Bond Gains Renew as Drumbeat to Friday’s Jobs Report Intensifies

The Treasuries market took another leg higher on Wednesday, as a slowdown in private-sector job creation further encouraged traders to bet on US interest-rate cuts ahead of broad labor-market data due Friday.

Some yields slumped to the lowest levels in three months, while activity in the options market showed an uptick in bets that profit most if the Federal Reserve’s policy rate falls to 2% by September.

“The more the numbers get weaker the more the market wants to give the Fed the room to move quickly,” said Michael Franzese, partner in fixed-income trading at MCAP LLC.

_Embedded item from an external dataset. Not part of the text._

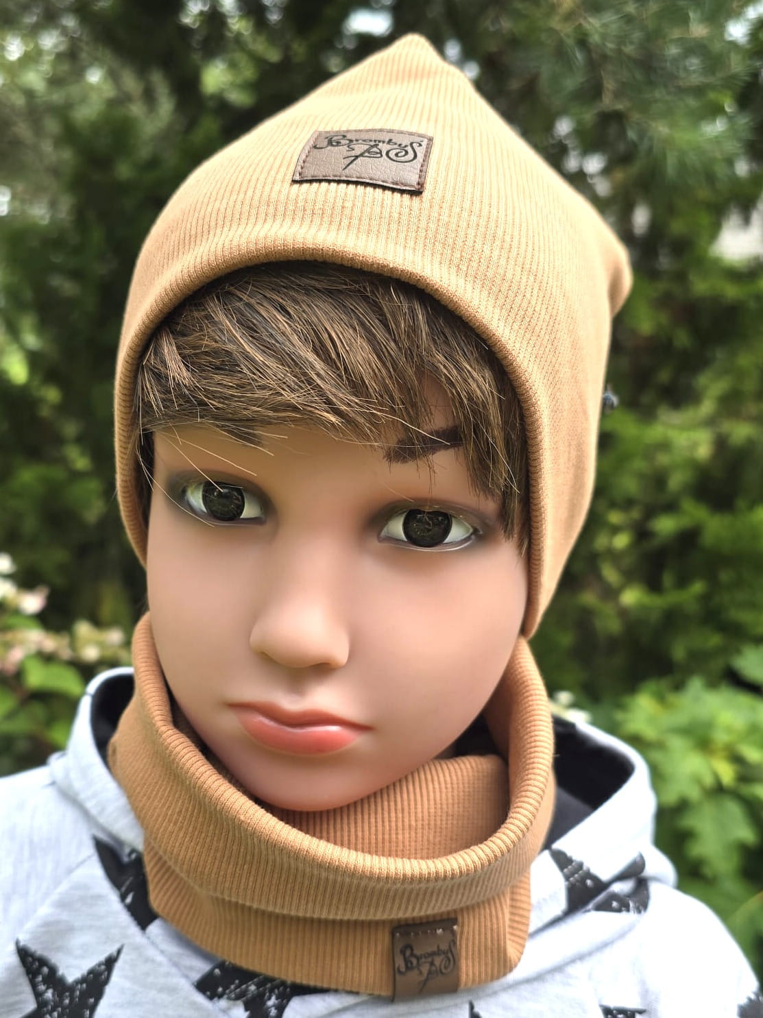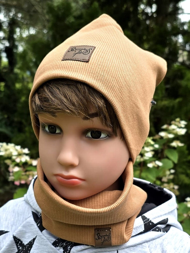 Miękka czapka dziecięca z prążkowanej dzianiny w kolorze karmelowym. Idealna na chłodniejsze dni – wygodna, elastyczna i stylowa.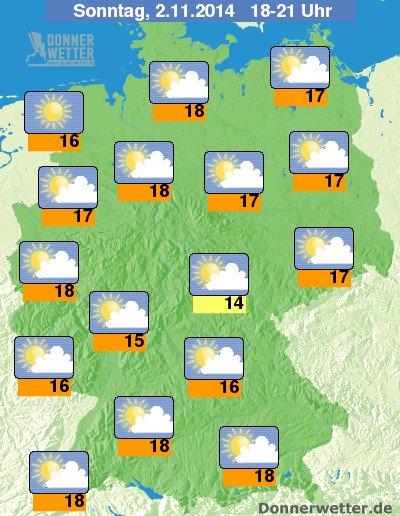 Mit ruhigem, zumeist freundlichem Hochdruckwetter verabschiedet sich das erste Novemberwochenende. Am Sonntagnachmittag und -abend werden dabei noch Temperaturen um 14 Grad C im Thüringer Wald und um 18 Grad im Schwarzwald erreicht.

Traders have a trifecta of job-market indicators to evaluate this week for signs the Fed will need to cut, culminating in the release of the Labor Department’s November employment report Friday. While Wednesday’s release from ADP Research Institute is no guarantee that government data will show the labor market is faltering, Tuesday’s Job Openings and Labor Turnover Survey — known as JOLTS — trailed all estimates in a Bloomberg survey of economists.

The 10-year yield slid 6 basis points to 4.1% and the 30-year’s sank 8 basis points to 4.21%, with both levels touching the lowest since Sept. 1. The drop in yields was aided by a decline in oil prices, with the benchmark US crude oil contract falling 4.1% to close below $70 a barrel for the first time since July.